(Saved data entries)
☆ ☆ ☆

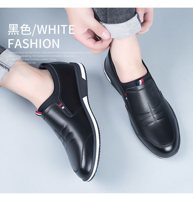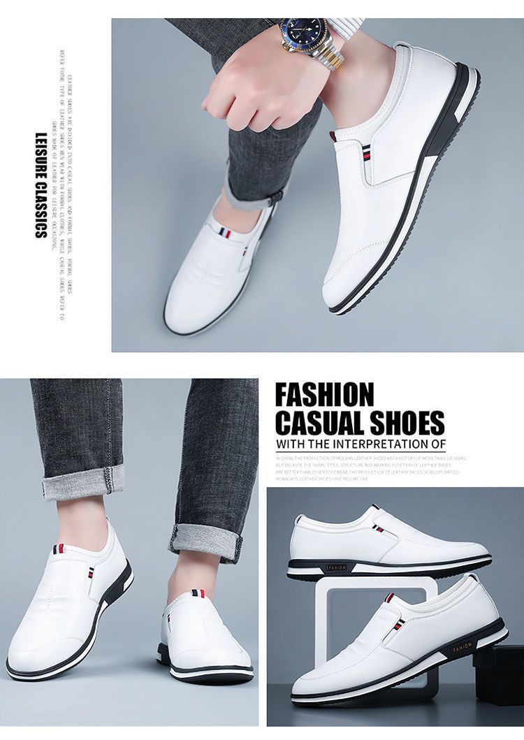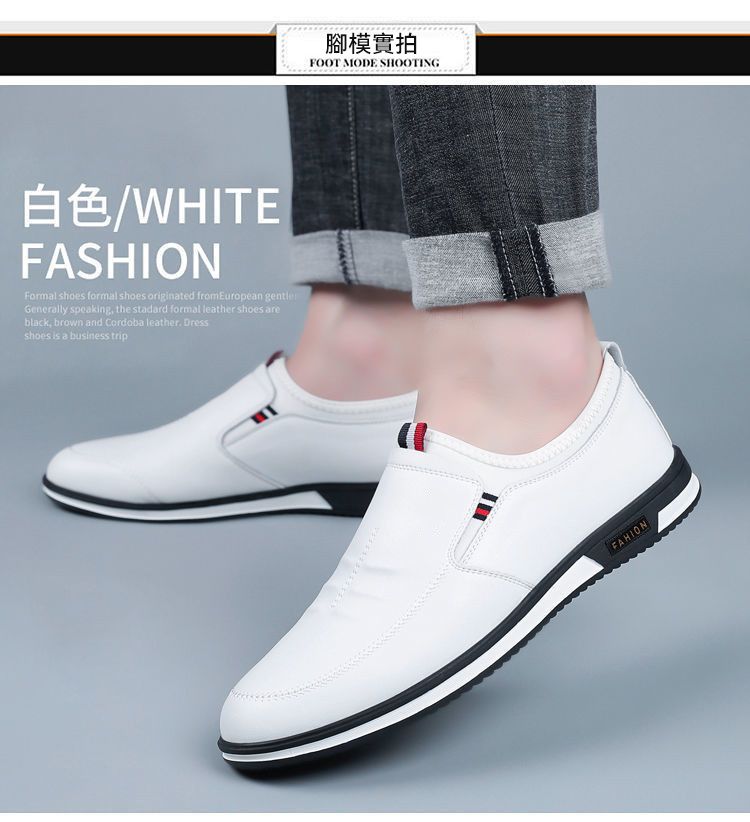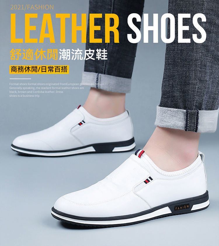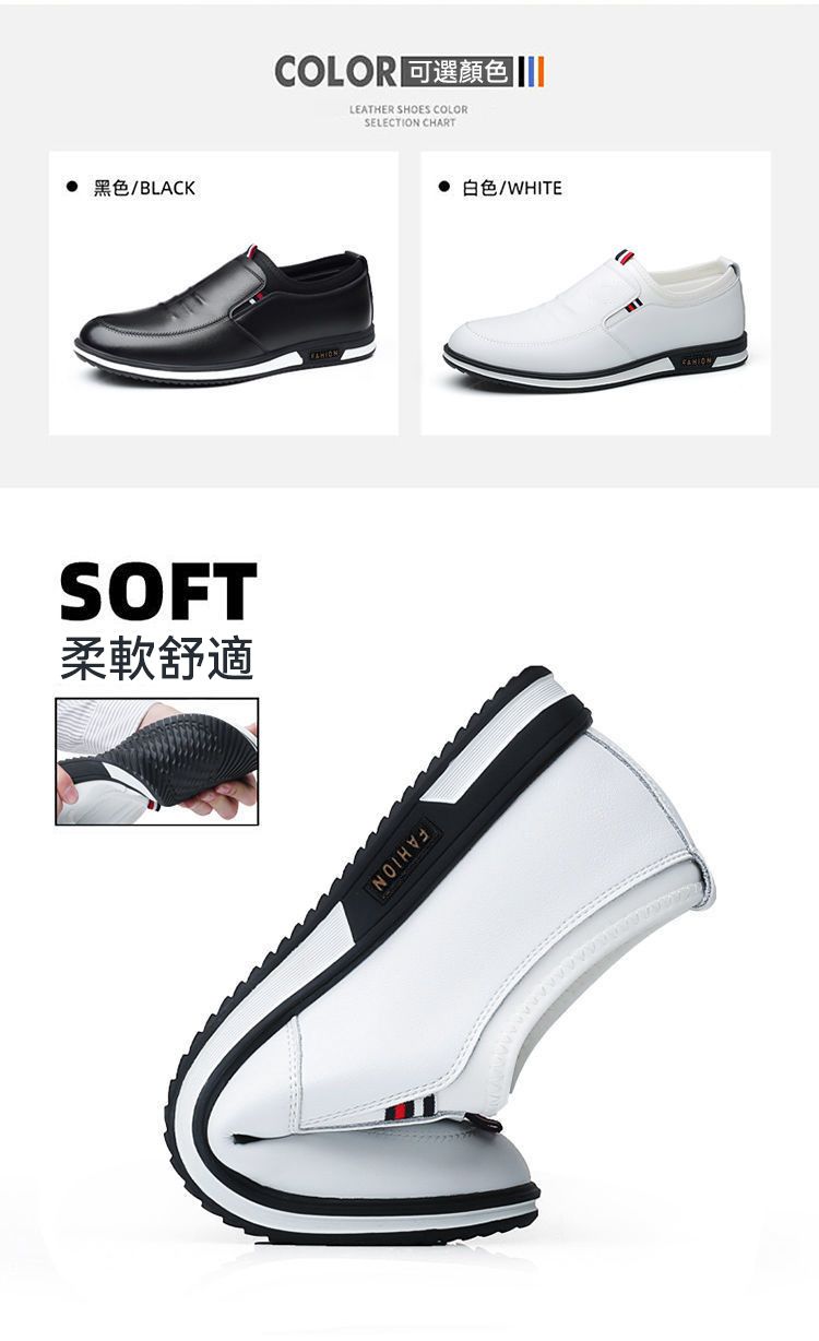 男士舒適休閒潮流皮鞋【限時買一送一】【白色】+【黑色】各一雙
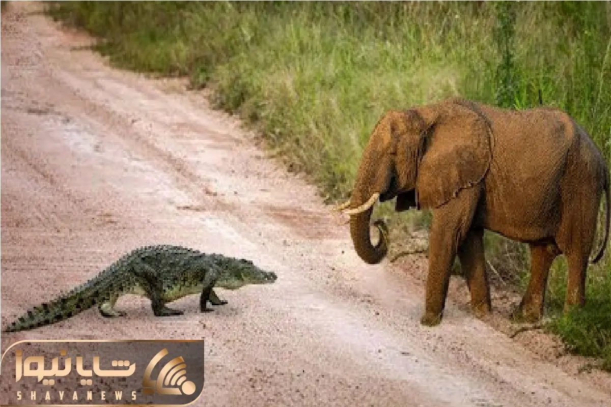 جذابیت حیات وحش؛ تمساح وحشی هدفش بلع بچه فیل بود زیر پای مادرش له شد
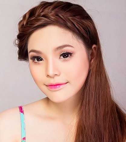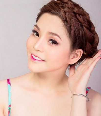 步骤五:最后将头发一次性编完,然后就盘在头顶上,这样清爽精致的编发扎发就完成了。
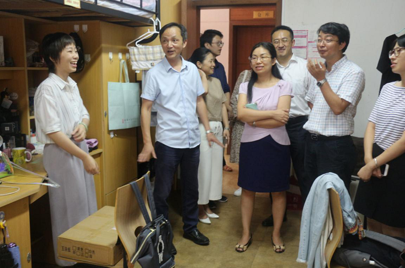 2018年9月14日下午,浙江大学之江校区党工委书记、管委会主任、光华法学院党委书记兼副院长张永华,常务副院长兼党委副书记周江洪,党委副书记兼纪委书记吴卫华,副院长、党委委员赵骏、郑春燕在学院团委王书剑、骆笑、柴烈等老师和之江宿管办陈东霞楼长的陪同下,一同走访了之江校区学生寝室,与新上山的同学们亲切交谈。
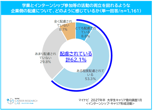 学業とインターンシップ参加等のキャリア形成活動の両立について、企業側の配慮をどのように感じているか学生に聞いたところ、62.1%が「配慮されている(とても配慮されている+ある程度配慮されている)」と回答した。昨今では学業への配慮のため、プログラム実施について工夫を凝らす企業も多く、過半数の学生がそうした企業側の対応を肯定的に捉えているようだ。
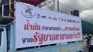 ชลบุรี – ขนส่งรวมตัวแหลมฉบัง จี้รัฐแก้น้ำมันแพง–ขาดแคลน ตั้งคำถามราคาหน้าคลัง–อ้างอิงสิงคโปร์

☆ ☆ ☆

Starting at the line above that holds "جذابیت حیات وحش؛", return each line up to and including the one that holds "2018年9月14日下午,浙", exactly as written, minus any pictures.

• [Exercise response]:
 جذابیت حیات وحش؛ تمساح وحشی هدفش بلع بچه فیل بود زیر پای مادرش له شد
 步骤五:最后将头发一次性编完,然后就盘在头顶上,这样清爽精致的编发扎发就完成了。
 2018年9月14日下午,浙江大学之江校区党工委书记、管委会主任、光华法学院党委书记兼副院长张永华,常务副院长兼党委副书记周江洪,党委副书记兼纪委书记吴卫华,副院长、党委委员赵骏、郑春燕在学院团委王书剑、骆笑、柴烈等老师和之江宿管办陈东霞楼长的陪同下,一同走访了之江校区学生寝室,与新上山的同学们亲切交谈。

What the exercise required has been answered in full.